◆ Input data ◆
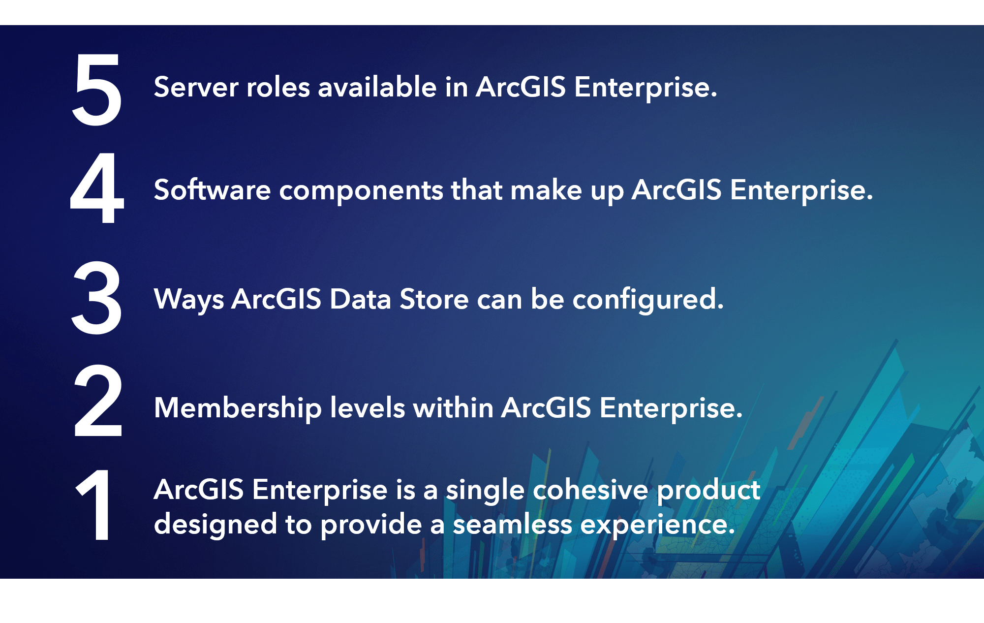 5-4-3-2-1. That’s how Shannon Kalisky, one of the Product Managers for ArcGIS Enterprise, introduced and explained the product. In addition to being catchy, it’s a memorable way to both think and talk about ArcGIS Enterprise as a complete GIS. 5 server roles, 4 software components, 3 ArcGIS Data Store types, 2 named user licenses, 1 product: ArcGIS Enterprise. This session provided an excellent overview of the product and its capabilities. Keep a look out for the complimentary recordings of UC sessions, as this one you don’t want to miss!
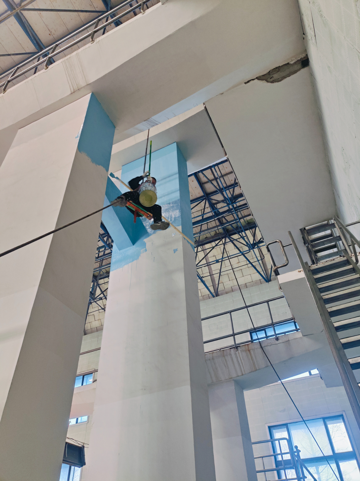 國標泳池跳臺,我們的施工勇士正身著安全繩以墻為紙、以刷為筆、以漆為墨確保安全的情況下,將跳臺刷的完美、漂亮!跳臺以一種全新的視覺面貌展現在眼前!因為場地濕氣大,環境特殊,裝修材料及工藝需考慮防腐蝕性能及防水、防潮性能穩定,不發霉。
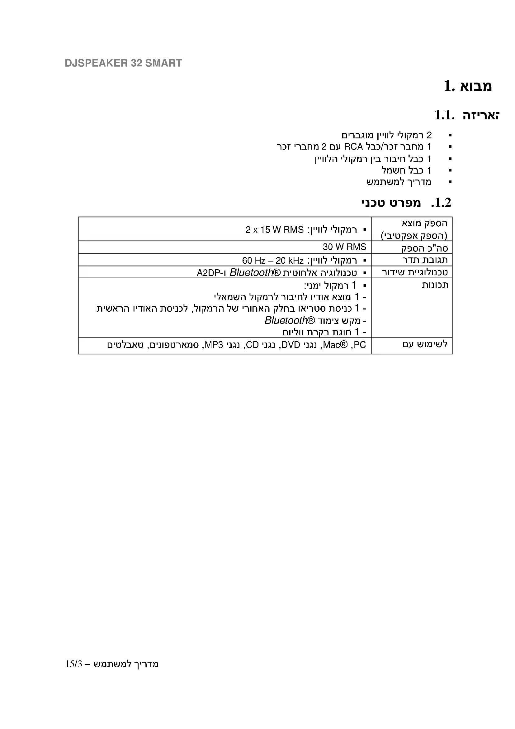 .בהבהל ליחתת הלוחכהDJSPEAKER 32 SMART 8/15 – שמתשמל ךירדמ
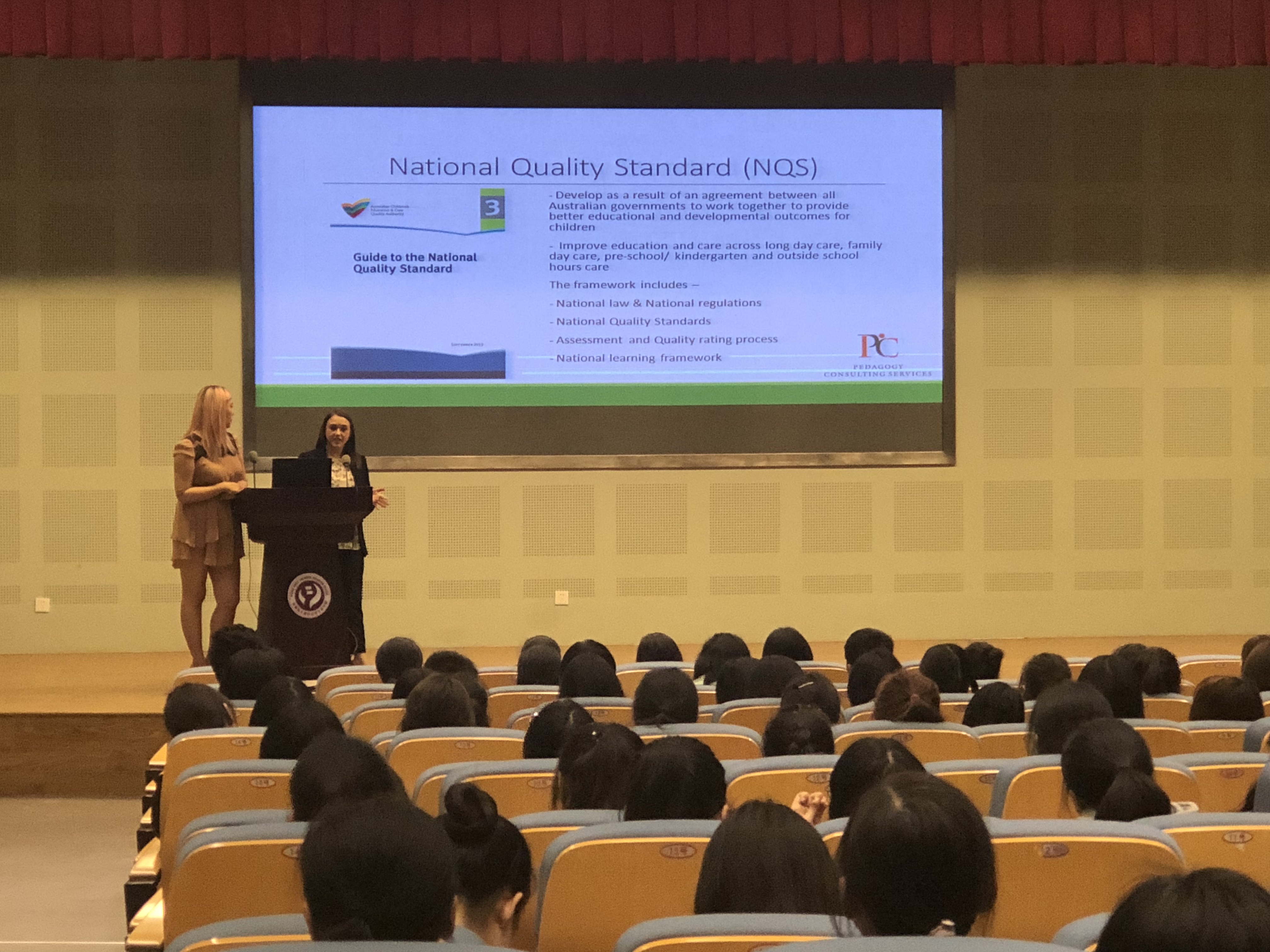 随后两位园长为我校学生带来了两场精彩的学术讲座,讲座《让我们一起成长——幼儿教育工作者可持续职业发展道路规划与发展潜力》直击如何成为一个好的幼教工作者,主讲者通过现场互动和案例分析,与学生一起探讨教师与幼儿的关系,教师的角色,教师的发展。主讲者呼吁大家,教师应该是一个与幼儿共同成长的学习者,是一个具有专业素养的陪伴,一个懂得更多的是“启发”而不是纯粹“教”的专业人士。讲座《走进澳大利亚政府最高标准评级的幼儿教育机构——澳大利亚幼儿教育国家教育质量标准,教学框架及最高标准的日常实践》主要介绍了在澳大利亚一个卓越等级的幼儿教育机构是怎么样的,主讲者主要通过分析澳大利亚幼儿教育国家教育质量标准的条款来跟我们的学生阐述幼儿园等机构如何达标,教师、幼儿、家长、幼儿园、家委会、社区等不同角色在这个标准中的职责。两场讲座受到了学生一致好评,学生表示无论是从幼教专业的角度还是打开国际视野的需求,这样的活动对他们来说受益匪浅。

◆ Exercise aim ◆
Without any pictures, write out the lines running from the one containing "8/15 – שמתשמל ךירדמ" through the end of the listing above, both included, exactly as given.

◆ Response for this exercise ◆
 .בהבהל ליחתת הלוחכהDJSPEAKER 32 SMART 8/15 – שמתשמל ךירדמ
 随后两位园长为我校学生带来了两场精彩的学术讲座,讲座《让我们一起成长——幼儿教育工作者可持续职业发展道路规划与发展潜力》直击如何成为一个好的幼教工作者,主讲者通过现场互动和案例分析,与学生一起探讨教师与幼儿的关系,教师的角色,教师的发展。主讲者呼吁大家,教师应该是一个与幼儿共同成长的学习者,是一个具有专业素养的陪伴,一个懂得更多的是“启发”而不是纯粹“教”的专业人士。讲座《走进澳大利亚政府最高标准评级的幼儿教育机构——澳大利亚幼儿教育国家教育质量标准,教学框架及最高标准的日常实践》主要介绍了在澳大利亚一个卓越等级的幼儿教育机构是怎么样的,主讲者主要通过分析澳大利亚幼儿教育国家教育质量标准的条款来跟我们的学生阐述幼儿园等机构如何达标,教师、幼儿、家长、幼儿园、家委会、社区等不同角色在这个标准中的职责。两场讲座受到了学生一致好评,学生表示无论是从幼教专业的角度还是打开国际视野的需求,这样的活动对他们来说受益匪浅。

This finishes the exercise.